# Dust in images



## mysticalbizarrelama (Sep 30, 2016)

Hello I just joined the forum. My camera is showing this dust or whatever it is when i take pictures. it's not the issue with the lens as i tried multiple lenses. can anyone help me tell what it is and how can i get this fixed. 

Camera Canon 70D


----------



## KmH (Sep 30, 2016)

Dust or debris on the image sensor would be way out of focus.
That looks like some kind of pixel issue.


----------



## mysticalbizarrelama (Sep 30, 2016)

KmH said:


> Dust or debris on the image sensor would be way out of focus.
> That looks like some kind of pixel issue.

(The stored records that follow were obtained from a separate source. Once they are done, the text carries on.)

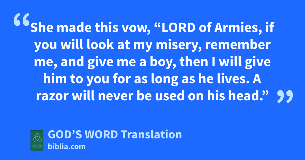 9 One day, after Hannah had something to eat and drink in Shiloh, she got up. (The priest Eli was sitting on a chair by the door of the Lord’s temple.) 10 Though she was resentful, she prayed to the Lord while she cried. 11 She made this vow, “Lord of Armies, if you will look at my misery, remember me, and give me a boy, then I will give him to you for as long as he lives. A razor will never be used on his head.” 12 While Hannah was praying a long time in front of the Lord, Eli was watching her mouth. 13 She was praying silently. Her voice couldn’t be heard; only her lips were moving. Eli thought she was drunk.
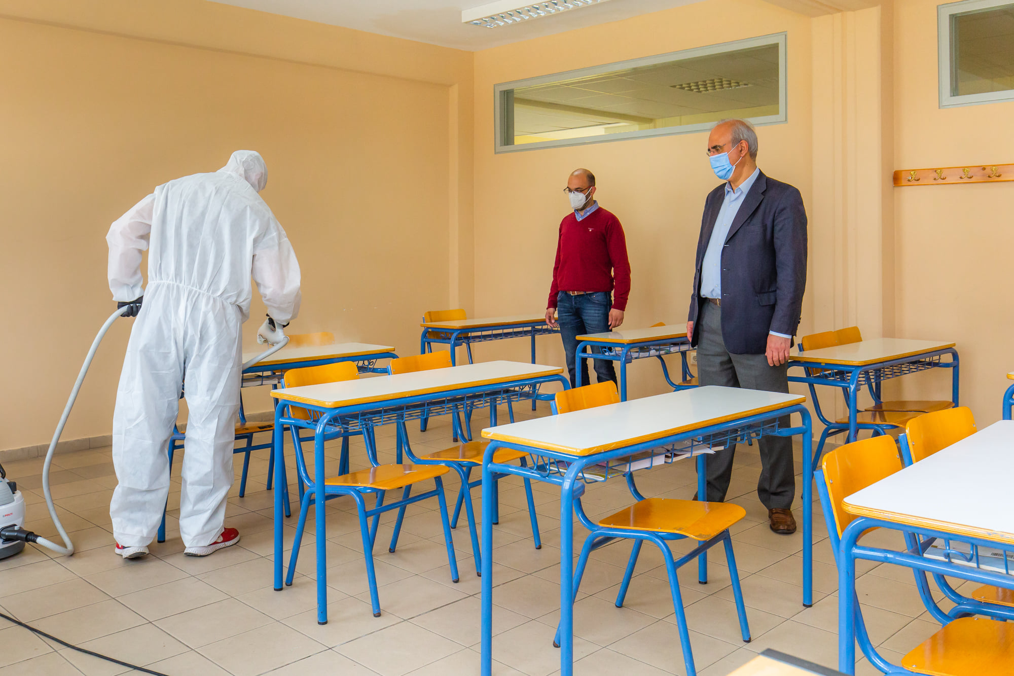 Την Παρασκευή 9/4 έγιναν απολυμάνσεις από ειδικό συνεργείο στους κοινόχρηστους χώρους αλλά και στις αίθουσες Λυκείων του Δήμου μας.
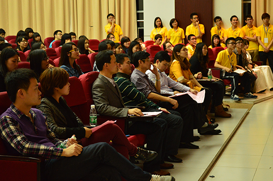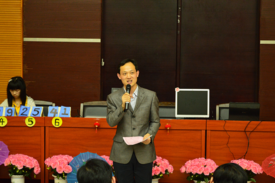 决赛伊始,主持人介绍了莅临本次大会的嘉宾和评委,他们分别是:公司冼德庆副经理,公司团委何伯略书记,计算机系党总支钟远辉书记,会计系团委蓝乐钿书记,计算机系团委黄玉婷书记,计算机系团委王澜副书记,计算机系辅导员王轻纱与张泓老师,公选课国学智慧教师王相东老师以及各系兄弟代表。
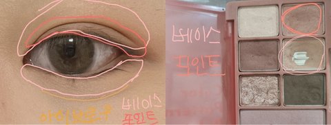 브라운계열 쓰는 애들은 그냥 쉐딩만 쓰거나 아님 저런 살구색 느낌 같은 섀도우 좀 섞어주면 괜찮을 거야

Thanks but what can be the remedy?


----------



## bratkinson (Sep 30, 2016)

I'd take a shot at replacing your memory card and then formatting it in-camera, especially if it's only on one image out of a bunch of shots.  If it shows up in every photo in the same location (perhaps only when certain colors at that location), I suspect it's a sensor problem rather than dust as it comes out reddish.  If it 'moves around' from photo to photo, it's also possible you have a bad RAM memory card.  Lastly, if that's a picture of what you printed out, then it's a printer issue, most likely a leaky magenta ink cartridge.


----------